Single by Rod Wave

from the album Nostalgia
- Released: March 31, 2023
- Length: 2:40
- Label: Alamo
- Songwriter: Rodarius Green
- Producers: BeatsbyTrain; Amineskkrt; Aldaz; ThatBossEvan;

Rod Wave singles chronology
| "Got It Right" (2022) | "Fight the Feeling" (2023) | "Call Your Friends" (2023) |

Music video
- "Fight the Feeling" on YouTube

= Fight the Feeling (song) =

"Fight the Feeling" is a song written and performed by American rapper and singer Rod Wave, released on March 31, 2023, as the lead single from his fifth studio album Nostalgia. It was produced by BeatsbyTrain, Amineskkrt, Aldaz and ThatBossEvan. The track peaked at #16 on the Billboard Hot 100 and #7 on the Billboard Hot R&B/Hip-Hop Songs chart.

==Composition==
The song is built on a rolling percussion beat and piano keys in its production. Lyrically, Rod Wave tells a story of a woman who tries to hide her feelings of pain from the end of a relationship by dressing up and going to the club: "So get your hair did, put your clothes on / Tell the DJ to play your song / Tryna fight the feeling, But she never finished healing / Now you in the middle of the club, trying not to cry to a love song".

==Critical reception==
Alexander Cole of HotNewHipHop gave the song a "Very Hotttt" rating and wrote, "As for his singing, well, it is exactly what you would expect from Wave. He sounds fantastic all throughout the song, and there is no doubt he is an exceptional talent."

==Music video==
An official music video premiered alongside the single.

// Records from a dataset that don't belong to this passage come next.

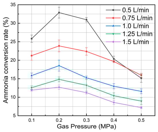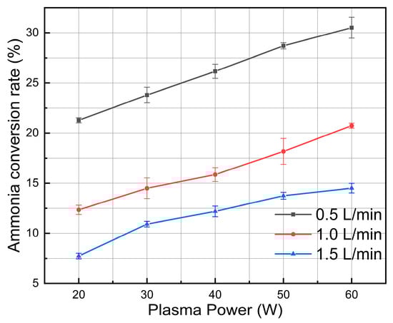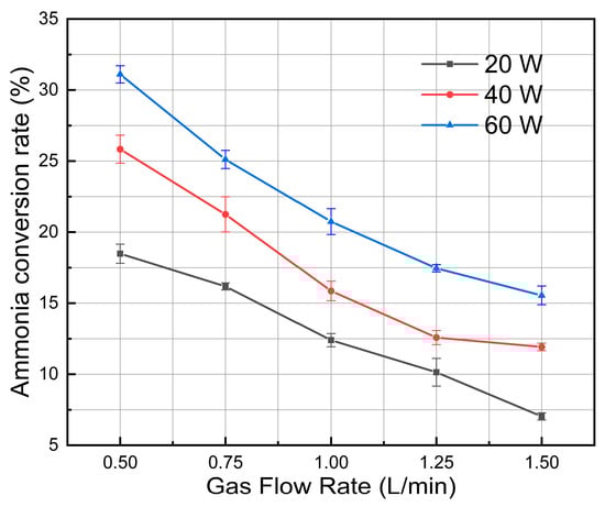 The experiment examined the impact of NH3 gas flow rate on the ammonia conversion rate. Reaction parameters include a discharge pulsed frequency of 20 Hz and a plasma reaction duration of 20 min. Experiments were conducted under various gas flow rates adjusted to 0.5 L/min, 0.75 L/min, 1 L/min, 1.25 L/min, and 1.5 L/min.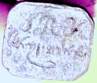 Добридень! Блін, за Вами, шановний TarASha не встигаєш... Всі Ваші фото перегорнуті і, якщо Ваш предмет це печатка, то читатися нормально має дзеркальне відображення. Ось трохи "погрався" з кольором і тоном і відобразив дзеркально напис: Принаймні сподіваюся, що так буде правильніше. За текстом написи бачиться: "S.R.K." (або ініціали або абревіатура підприємства) та слово "Скупка". Причому в середині слова ще 2 літери (або якісь незрозумілі знаки) - "Ску**пка".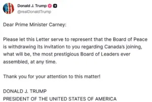 Donald Trump has disinvited Canadian Prime Minister Mark Carney from his Board of Peace, a move that has sparked a diplomatic rift between the two leaders.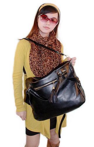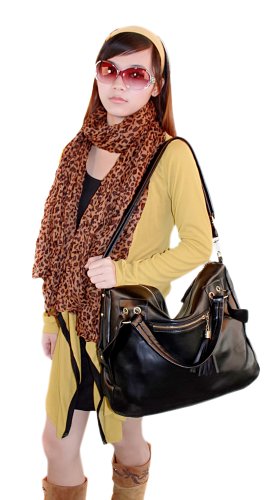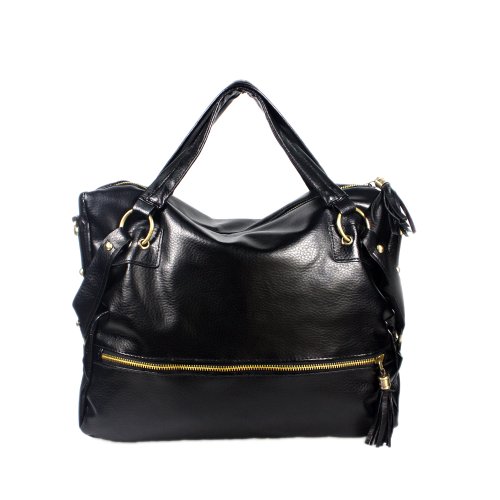 ブラック スタイリッシュ 人工皮革バッグ/ハンドバッグ/ショルダーバッグ/トートバッグ

In it, Rod Wave performs live at a nightclub, where the woman in the story dances the night away with her friends while trying to fight her emotions, hence why it is called 'Fight the Feeling'.

==Charts==
===Weekly charts===

Weekly chart performance for "Fight the Feeling"
| Chart (2023) | Peak position |
|---|---|
| New Zealand Hot Singles (RMNZ) | 22 |
| Global 200 (Billboard) | 57 |
| US Billboard Hot 100 | 16 |
| US Hot R&B/Hip-Hop Songs (Billboard) | 7 |
| US Rhythmic Airplay (Billboard) | 8 |

===Year-end charts===

Year-end chart performance for "Fight the Feeling"
| Chart (2023) | Position |
|---|---|
| US Hot R&B/Hip-Hop Songs (Billboard) | 30 |
| US Rhythmic (Billboard) | 38 |

==Certifications==

Certifications for "Fight the Feeling"
| Region | Certification | Certified units/sales |
| United States (RIAA) | 3× Platinum | 3,000,000^{‡} |
^{‡} Sales+streaming figures based on certification alone.